Problem description: Output must consist only of the lines of the material below from the one with "De acordo com" through the one with "من جهته أكد", each reproduced exactly; no pictures belong in it.

Recorded data:
####################

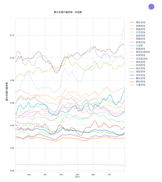 而从(cóng)平均第七天用户留存率来(lái)看,博彩游(yóu)戏(xì)、纸牌游戏、棋盘游戏包揽了所有(yǒu)游戏(xì)类型(xíng)的前三甲。报告显(xiǎn)示,一般来说绝大多数游戏的第七天用户(hù)留存率(lǜ)大约是4%,而从报告中(zhōng)我们可以看到,棋牌游(yóu)戏基本都高(gāo)于10%。
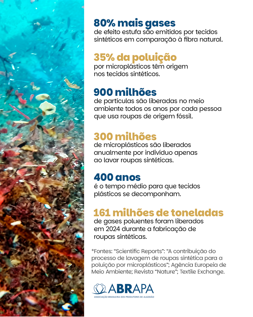 De acordo com dados da Textile Exchange, em 2024 a fabricação de roupas compostas por fibras sintéticas correspondeu a 161 milhões de toneladas de gases de efeito estufa liberados na atmosfera, contra 34 milhões de toneladas produzidas pela confecção de peças de fibras naturais, gerando 80% menos emissões do que confecção das peças baseadas em petróleo.
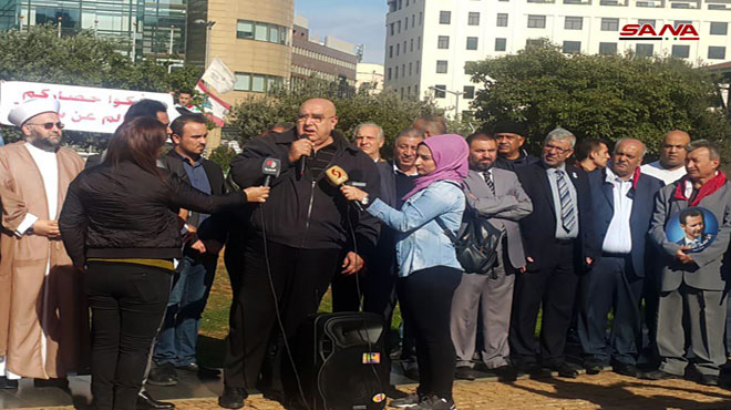 من جهته أكد رئيس رابطة العمال السوريين في لبنان مصطفى منصور أن هذه الوقفة تأتي رفضا للحصار الجائر والظالم الذي تتعرض له سورية من قبل الدول الغربية الداعمة للإرهاب بكل أشكاله ومسمياته والتي تحاول فرض مخططات التفتيت والتجزئة وتشتيت قدرات النهوض والتنمية خدمة للمشروع الصهيوني الإمبريالي في الهيمنة المطلقة على هذه المنطقة من العالم مجددا وقوف العمال إلى جانب وطنهم وشعبهم في مواجهة ما يتعرض له من مؤامرات.
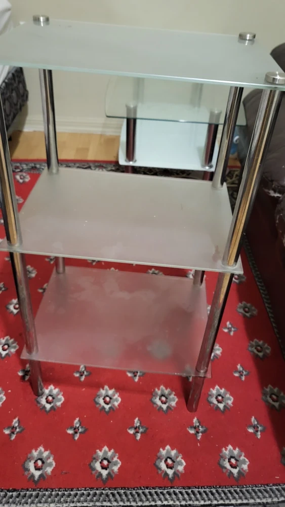 Selling a glass shelf table with chrome legs. It measures approximately 17 inches in length and 11 inches in width. Great for adding a modern touch to any room!

####################

Written reply:
 De acordo com dados da Textile Exchange, em 2024 a fabricação de roupas compostas por fibras sintéticas correspondeu a 161 milhões de toneladas de gases de efeito estufa liberados na atmosfera, contra 34 milhões de toneladas produzidas pela confecção de peças de fibras naturais, gerando 80% menos emissões do que confecção das peças baseadas em petróleo.
 من جهته أكد رئيس رابطة العمال السوريين في لبنان مصطفى منصور أن هذه الوقفة تأتي رفضا للحصار الجائر والظالم الذي تتعرض له سورية من قبل الدول الغربية الداعمة للإرهاب بكل أشكاله ومسمياته والتي تحاول فرض مخططات التفتيت والتجزئة وتشتيت قدرات النهوض والتنمية خدمة للمشروع الصهيوني الإمبريالي في الهيمنة المطلقة على هذه المنطقة من العالم مجددا وقوف العمال إلى جانب وطنهم وشعبهم في مواجهة ما يتعرض له من مؤامرات.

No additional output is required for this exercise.